Military intervention is now a key feature of the UK’s foreign policy decision making process, as demonstrated by the recent decision by the United Nations Security Council (UNSC) to pass a resolution authorizing a no-fly zone across Libya.
This decision raises serious questions about whether or not the defence cuts, as detailed in the Strategic Defence and Security Review (SDSR) last autumn, are justified.
These questions were raised in an open letter (published in the _Independent on Sunday_ earlier this month) signed by 50 senior military figures, politicians and academics calling for the SDSR to be reopened in light of recent developments in North Africa and the Middle East. The letter voices concerns that the review “seems to be have been driven by financial rather than military considerations”.
Harold Wilson famously remarked that “a week was a long time in politics”. The security landscape has changed radically since the SDSR mapped out a grand plan of ‘Securing Britain in an Age of Uncertainty’ five months ago. In this ‘Age of Uncertainty’ few could have foreseen the revolution sparked by a fruit seller in Tunisia that would sweep throughout the Arab world.
There is an ideological choice to be made: the UK could take a back seat and sacrifice its role as a global leader following the fatally flawed (and illegal in Iraq’s case) interventionist policies over the past decade, or it could continue to take a more active role in foreign policy in the face of emerging humanitarian crises. Following David Cameron’s decisive push for intervention in Libya, it seems that the coalition – for the time being – has favoured the latter path, which appears increasingly at odds with the defence cuts.

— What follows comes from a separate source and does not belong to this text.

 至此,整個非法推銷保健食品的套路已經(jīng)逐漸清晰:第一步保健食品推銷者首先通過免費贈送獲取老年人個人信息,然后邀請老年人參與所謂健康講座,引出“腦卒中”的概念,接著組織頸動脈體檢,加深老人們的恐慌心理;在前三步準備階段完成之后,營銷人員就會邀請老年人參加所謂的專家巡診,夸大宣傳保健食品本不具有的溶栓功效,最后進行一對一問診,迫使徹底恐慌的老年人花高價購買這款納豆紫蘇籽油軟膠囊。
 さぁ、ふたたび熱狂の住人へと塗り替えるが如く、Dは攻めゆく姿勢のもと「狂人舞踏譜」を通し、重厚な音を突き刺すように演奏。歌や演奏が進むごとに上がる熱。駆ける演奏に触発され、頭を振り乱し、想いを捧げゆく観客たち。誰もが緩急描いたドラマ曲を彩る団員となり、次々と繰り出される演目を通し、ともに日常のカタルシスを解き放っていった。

Alongside the deep cuts in military equipment (the HMS Ark Royal and Harrier jets have controversially been scrapped) the main concern is that of military overstretch given that the UK already has 10,000 troops fighting in Afghanistan.
Michael Clarke, director of the Royal United Services Institute think-tank, has warned that in light of our ongoing commitment in Afghanistan, “The key issue is the enablers – the AWACs aircraft, refuelling aircraft, intelligence assets and Special Forces units acting as potential forward air controllers.

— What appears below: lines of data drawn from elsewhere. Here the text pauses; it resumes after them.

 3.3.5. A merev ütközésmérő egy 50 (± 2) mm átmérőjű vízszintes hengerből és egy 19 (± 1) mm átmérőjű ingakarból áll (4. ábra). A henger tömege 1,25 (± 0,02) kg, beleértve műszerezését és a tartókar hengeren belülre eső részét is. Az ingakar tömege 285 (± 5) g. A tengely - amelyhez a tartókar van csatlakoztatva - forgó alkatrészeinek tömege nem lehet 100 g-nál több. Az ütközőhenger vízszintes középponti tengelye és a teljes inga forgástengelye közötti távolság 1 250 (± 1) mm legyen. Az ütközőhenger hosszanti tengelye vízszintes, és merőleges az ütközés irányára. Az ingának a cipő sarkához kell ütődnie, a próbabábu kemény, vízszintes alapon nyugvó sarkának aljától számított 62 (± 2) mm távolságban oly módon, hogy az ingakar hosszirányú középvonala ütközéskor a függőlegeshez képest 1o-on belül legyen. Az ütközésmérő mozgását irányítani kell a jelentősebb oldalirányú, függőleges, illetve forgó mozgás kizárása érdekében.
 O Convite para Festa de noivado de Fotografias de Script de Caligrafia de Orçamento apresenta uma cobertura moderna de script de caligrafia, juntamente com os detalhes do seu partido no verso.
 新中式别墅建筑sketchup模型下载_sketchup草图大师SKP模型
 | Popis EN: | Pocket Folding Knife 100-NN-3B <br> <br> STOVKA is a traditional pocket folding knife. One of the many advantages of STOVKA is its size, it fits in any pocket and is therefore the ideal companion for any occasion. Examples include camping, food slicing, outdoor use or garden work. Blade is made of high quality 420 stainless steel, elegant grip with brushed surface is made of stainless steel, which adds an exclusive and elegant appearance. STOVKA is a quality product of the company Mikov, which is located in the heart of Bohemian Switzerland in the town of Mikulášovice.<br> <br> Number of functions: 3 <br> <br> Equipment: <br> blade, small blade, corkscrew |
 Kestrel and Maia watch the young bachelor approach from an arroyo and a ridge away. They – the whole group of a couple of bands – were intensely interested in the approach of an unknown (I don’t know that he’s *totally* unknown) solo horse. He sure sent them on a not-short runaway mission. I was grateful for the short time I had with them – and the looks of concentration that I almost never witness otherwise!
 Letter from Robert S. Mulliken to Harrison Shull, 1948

“These are the assets that are in short supply and any long-term commitment would have an impact on the availability of these in two theatres of operations simultaneously”.
Speaking to the BBC ahead of the UNSC’s decision, senior Conservative politician David Davis voiced his concerns about the SDSR saying that “it was time to go back and look at it again”.

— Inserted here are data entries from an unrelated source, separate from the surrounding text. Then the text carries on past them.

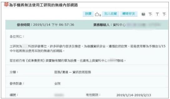 据台湾《中国时报》1月14日消息,台湾“工研院”14日发出内部通告,自15日中午起,在“工研院”办公场所将限制使用华为手机、电脑等,若是使用华为手机将无法使用工研院的无线内部网络,以避免泄密。值得注意的是,台湾通讯传播委员会昨天(13日)再补一枪,台湾通讯传播委员会副主席兼发言人翁柏宗14日进一步表示,未来5G也会比照办理。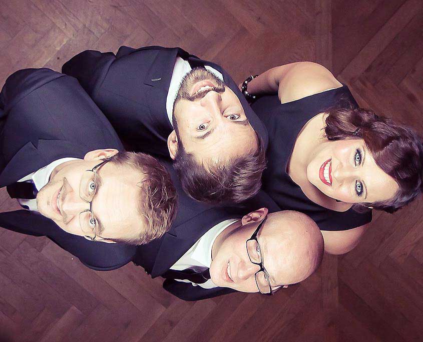 Die Band trifft getreu ihrem Namen immer den perfekten Ton. Mit mehr als 300 Songs und einer großen Leidenschaft für das Neuarrangieren außergewöhnlicher Titel, können Sie Pitch Perfect in verschiedenen Kombinationen buchen: als Duo, als Jazzband oder als Partyband – je nachdem, wie Sie die musikalische Begleitung in Ihre Hochzeit in Berlin integrieren möchten.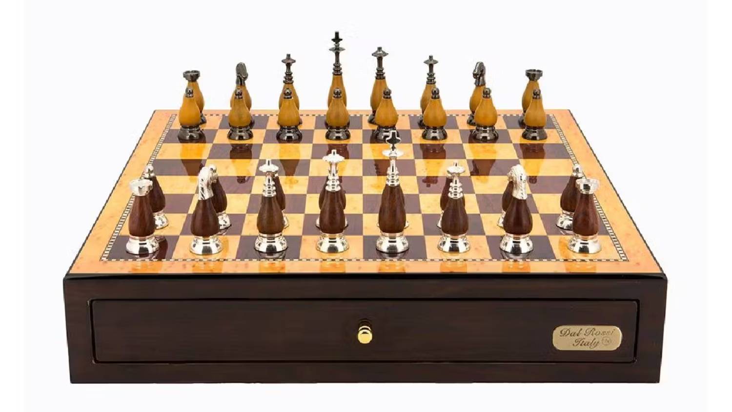 Play in style with the Dal Rossi 18" Staunton Metal/Wood Chess Set. The chess box is crafted from a rich walnut finish and features a nifty compartment for storage. The chessmen are the highlight of this set, featuring a combination of Staunton metal and wood finish that exudes luxury. Master each piece's unique moves to outwit your opponent and win checkmate!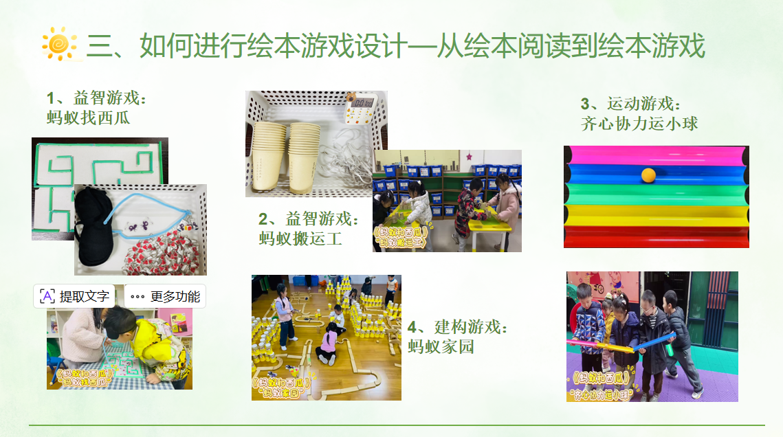 本次研讨的核心聚焦于绘本游戏设计方法与路径。分享中明确,可从绘本主题、情节、人物、图画等多元素切入,遵循"研读绘本—设计阅读活动—生成游戏—优化深化"四步流程推进游戏设计。通过"蚂蚁搬运工""蚂蚁家园"等具体游戏案例,直观呈现了益智、建构等不同类型绘本游戏的设计思路,并针对绘本资源运用中常见的问题,也给出了配置优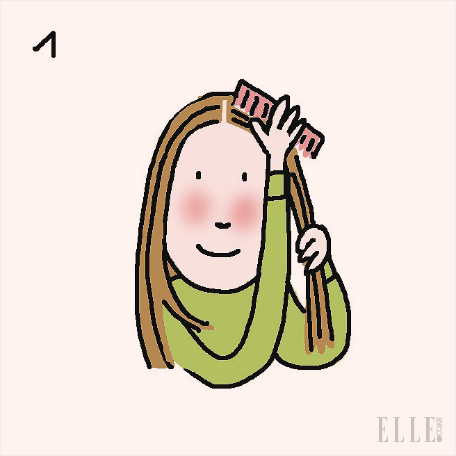 가는 빗으로 머리 앞부분을 정성껏 잘 빗는다.

This might be easier said than done given that Labour left a severe budget deficit of £36 billion in the MoD budget. Whilst this deficit must be dealt with, it is absolutely imperative that the government does not limit our military capabilities. It is immoral to send our soldiers off to fight wars without the resources they might need. One issue that both the previous and current government have failed to tackle seriously enough, and where huge savings could be made, is that of Trident.
Throughout the past few weeks, the world’s attention has been fixed upon Japan’s unfolding humanitarian disaster following the country’s devastating earthquake and tsunami and resulting nuclear fallout. The only country in the world to have experienced the sheer horror of nuclear weapons is unsurprisingly a vehement campaigner for nuclear disarmament; a lesson from which UK governments will hopefully start to listen to one day.
Whether one takes a pro or anti-nuclear weapon stance, it appears difficult to reconcile the costs of an outdated nuclear arsenal, at an estimated £100 billion over the next 20 years when put against the £36 billion shortfall in the defence budget. Described as “virtually irrelevant” two years ago by three retired military generals in a letter to _The Times_, it seems wasteful to pump so much of the taxpayers’ money into weapons of mass destruction that we would never even use in the first place.
The events in Libya and the wider Arab world have reignited the thorny issue of humanitarian military intervention in an age where our defence capabilities are being stretched to their limits. It is evident in the 21st century age of Kofi Annan’s ‘responsibility to protect’ that the UK government must consider revising the SDSR sooner rather than later. If we fail to live up to this responsibility, we continue to allow the blood of Rwanda, Darfur and countless other atrocities to stain our collective human conscience.